I need (and can't find) a pure python (no c++) implementation of MurmurHash, and I'm too novice to write myself. Speed or memory usage doesn't matter on my project.

I find a attempt here, but it's limited to 31bits hash and I really need a 64bits hash.

Note : for those who need a fast implementation, there is a MurmurHash2 library here and a MurmurHash3 library here

Remediosremedy answered 9/11, 2012 at 9:28 Comment(4)
Why do you want a pure Python implementation?Fusil
I need a pure Python implementation because my application needs to run on platforms that can't execute non-python code (like Google App Engine).Remediosremedy
There is also this one, but I think the mmh3 one you found looks better cared for. code.google.com/p/pyfasthashGastritis
C/C++, not pure python... ("It provide several common hash algorithms with C/C++ implementation for performance")Remediosremedy
M
7

Another pure python implementation of MurmurHash3 that is totally compatible and replaceable by the mmh3 wrapper, but still limited to 32-bits Murmur3: https://github.com/wc-duck/pymmh3

Moo answered 27/2, 2015 at 14:27 Comment(0)
N
12

this is untested (sorry!), but here is a version I came up with.

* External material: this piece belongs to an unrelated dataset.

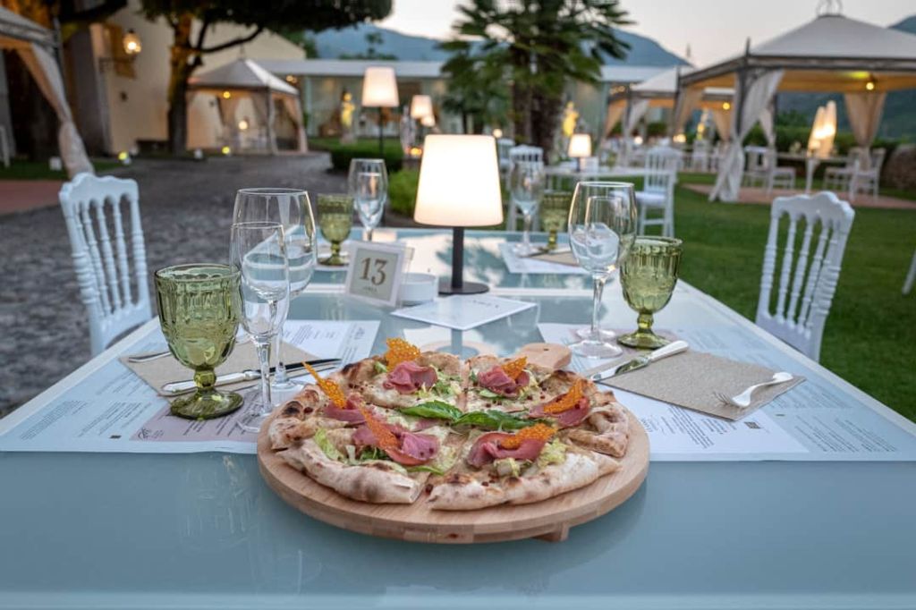Nell’incantevole cornice di Villa Soglia, dall’incontro di nomi risonanti della gastronomia nazionale, nasce la serata evento ‘Gli Dèi della Pizza’. L’11 agosto, dalle ore 20.30, nel giardino della residenza storica dell’ultimo principe di Salerno, a Castel San Giorgio, i pizza chef Giuseppe Maglione (Daniele Gourmet, Avellino), Alessandro Negrini (Vincitore The Best Professional Pizza Advisor in the World), Gino Fedele (La braceria dei Giusti, Novara) e il re della griglia, Luciano Bifulco (Braceria Bifulco, Ottaviano) si esibiranno in una cena degustazione a base di Pizza e Champagne. Un’esperienza emozionale che coniuga il lusso delle bollicine ai sapori popolari della tonda più amata al mondo, ma lo fa in una veste atipica e singolare. I quattro artisti del gusto sovvertono le regole del gioco: faranno incontrare due grandi tradizioni apparentemente agli antipodi, quella italiana della pizza e quella francese dello Champagne e lo faranno con la precisa volontà di esaltare lo stile dell’alta cucina. Non una normale pizza gourmet, ma una pizza degustazione che vede trionfare gli abbinamenti ricercati e una tecnica culinaria innovativa e contemporanea. Un confronto effervescente per cultori del food che potranno degustare un menù stellare nella elegante atmosfera di Villa Soglia.

Python allows for arbitrarily large integers, so I created a mask for the first 8 bytes (or 64 bits) that I then apply (via bitwise AND) to all arithmetic results that could produce integers larger than 64bits. Maybe somebody else could comment on the general approach and possible issues with endianness, etc.

def bytes_to_long(bytes):
    assert len(bytes) == 8
    return sum((b << (k * 8) for k, b in enumerate(bytes)))


def murmur(data, seed):

    m = 0xc6a4a7935bd1e995
    r = 47

    MASK = 2 ** 64 - 1

    data_as_bytes = bytearray(data)

    h = seed ^ ((m * len(data_as_bytes)) & MASK)

    for ll in range(0, len(data_as_bytes), 8):
        k = bytes_to_long(data_as_bytes[ll:ll + 8])
        k = (k * m) & MASK
        k = k ^ ((k >> r) & MASK)
        k = (k * m) & MASK
        h = (h ^ k)
        h = (h * m) & MASK

    l = len(data_as_bytes) & 7

    if l >= 7:
        h = (h ^ (data_as_bytes[6] << 48))

    if l >= 6:
        h = (h ^ (data_as_bytes[5] << 40))

    if l >= 5:
        h = (h ^ (data_as_bytes[4] << 32))

    if l >= 4:
        h = (h ^ (data_as_bytes[3] << 24))

    if l >= 3:
        h = (h ^ (data_as_bytes[4] << 16))

    if l >= 2:
        h = (h ^ (data_as_bytes[4] << 8))

    if l >= 1:
        h = (h ^ data_as_bytes[4])
        h = (h * m) & MASK

    h = h ^ ((h >> r) & MASK)
    h = (h * m) & MASK
    h = h ^ ((h >> r) & MASK)

    return h
Nuthouse answered 2/4, 2013 at 1:50 Comment(0)
A
10

fix the bugs in Nikolas's version

def bytes_to_long(bytes):
    assert len(bytes) == 8
    return sum((b << (k * 8) for k, b in enumerate(bytes)))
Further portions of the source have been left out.